Sweetheart and I decided to go to Gatlinburg and Pigeon Forge TN to celebrate our 10th wedding anniversary. That is our happy place.

Well, we are happy wherever we are when we are together. But Gatlinburg and Pigeon Forge are the entertainment capital of the United States. It is my opinion that it's better than Disney. This would be our third trip to that part of Tennessee.

We decided to drive through West Virginia this time, even though we usually start out through Ohio, because Sweetheart wanted to see the town where his dad was born.

When Sweetheart and I go traveling, we have an arrangement. He drives and I navigate. The common term for this is, "riding shotgun." He refers to me as the "nagrivator" .I read the maps and help him find directional signs. Two heads are better than one, as long as one of them isn't "bull" headed.

Yes, I know, we could use the GPS, but that would be too easy. Well, not really, because GPS doesn't always work in the hills and valleys of West Virginia.

Speaking of driving in West Virginia, it sure is an adventure. As long as you are on the interstate you are fine. When you are on the back roads, you are in for the ride of your life.

There are no straight roads in West Virginia. In fact, some are so twisty and turny that you almost expect to see the back end of your vehicle coming around the bend. And, if you look out of your side window, you can see where you will be driving next.

There are no flat roads in West Virginia either--at least, we didn't drive on any . Almost all of them go up and down--or down and up. Some of them go down (or up) for miles.

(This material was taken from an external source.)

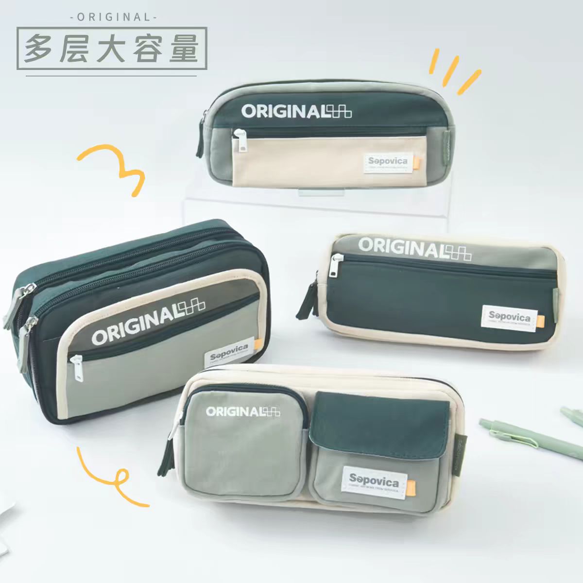 多层大容量造型拼接多功能笔袋简约设计纯色ins中小学生文具袋

It makes you wish you had got the car and brakes inspected before the trip, instead of waiting until you get back.

Along the back roads, we could see many small towns--miles apart--that are in a state of decline. There are lots of vacant houses and businesses, attributed to the closing of the coal mines. Many towns had houses only on one side of the road or the other, with no side streets.

We finally reached the town we were looking for. This small burg had narrow dirt streets jutting out from the main street. There were abandoned houses, but there were also some that were well kept. We saw lots of cats darting into and out of the streets in front of us.

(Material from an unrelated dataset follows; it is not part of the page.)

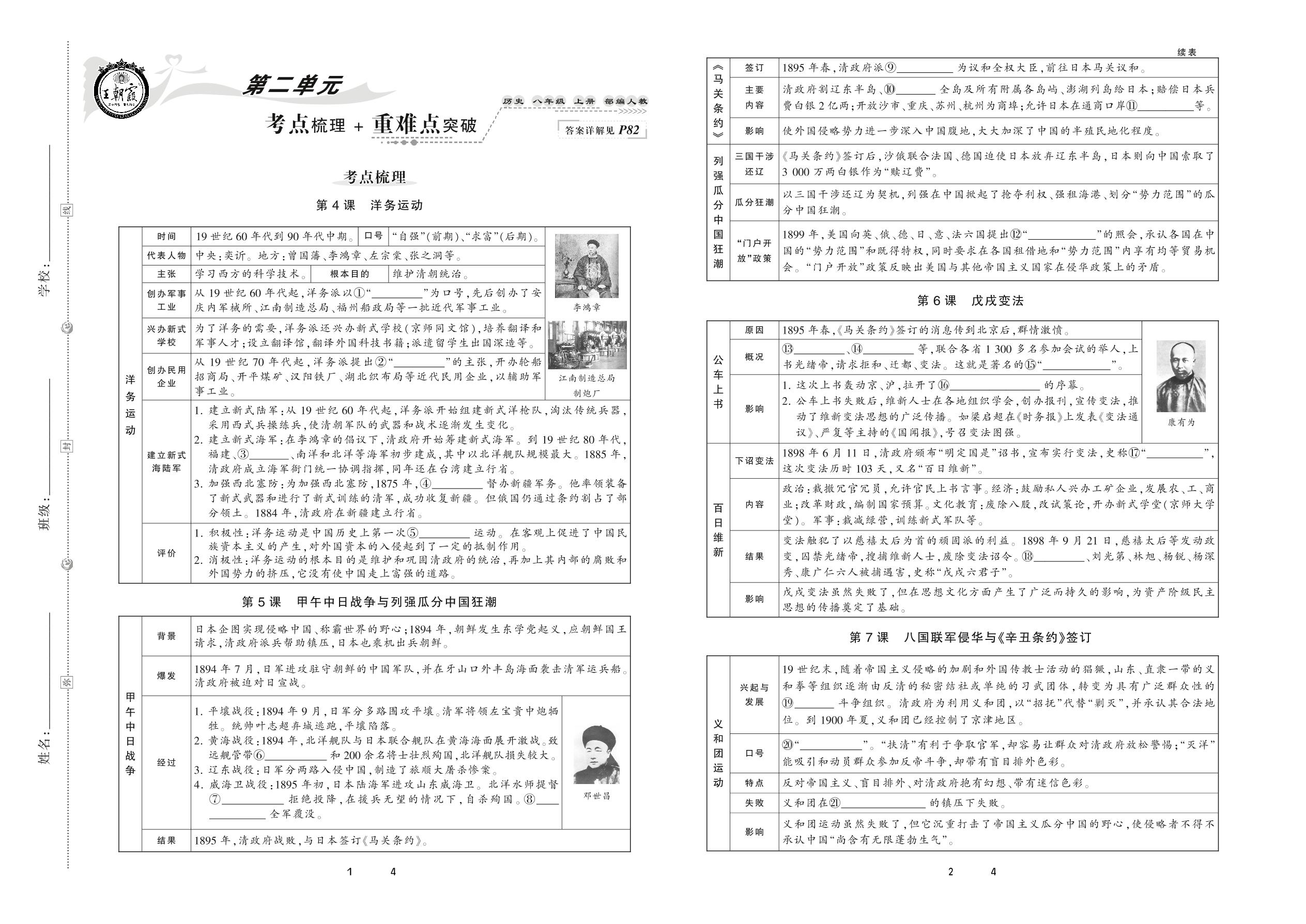 2020上册八年级历史人教版 第二单元 考点梳理+重难点突破

Sweetheart and I really didn't know what we would do in the town, as there were no stores or attractions--and the post office had closed at 11:00 a.m. However, we came upon a man who was mowing his grass and his wife was spraying down the driveway.

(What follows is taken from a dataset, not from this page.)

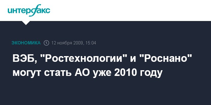 ВЭБ, "Ростехнологии" и "Роснано" могут стать АО уже 2010 году

We stopped and talked, although we knew no one would remember Sweetheart's dad. After all, he was born 115 years ago and only lived there for 10 years.

The couple was friendly, though. They immediately offered us a glass of ice water, which we turned down, since we had water with us. Then, later in the conversation, they offered us some tomatoes from their garden, but we had some of those with us, too.

Then they asked if we would like some peppers from their garden. We could no longer continue to refuse their Southern hospitality, so we accepted two. We asked for directions to a place where we could get a motel room for the night and they obliged. I was almost expecting them to offer a bed in their house.

Speaking of Southern hospitality, we were beginning to hear bits of Southern accent and Southern phrases. I wondered where the line of demarcation is between "Yankee" expression and Southern drawl. Does it start at the Pennsylvania border?

I guess it really doesn't matter. What matters is the friendliness and hospitality. And that knows no boundaries.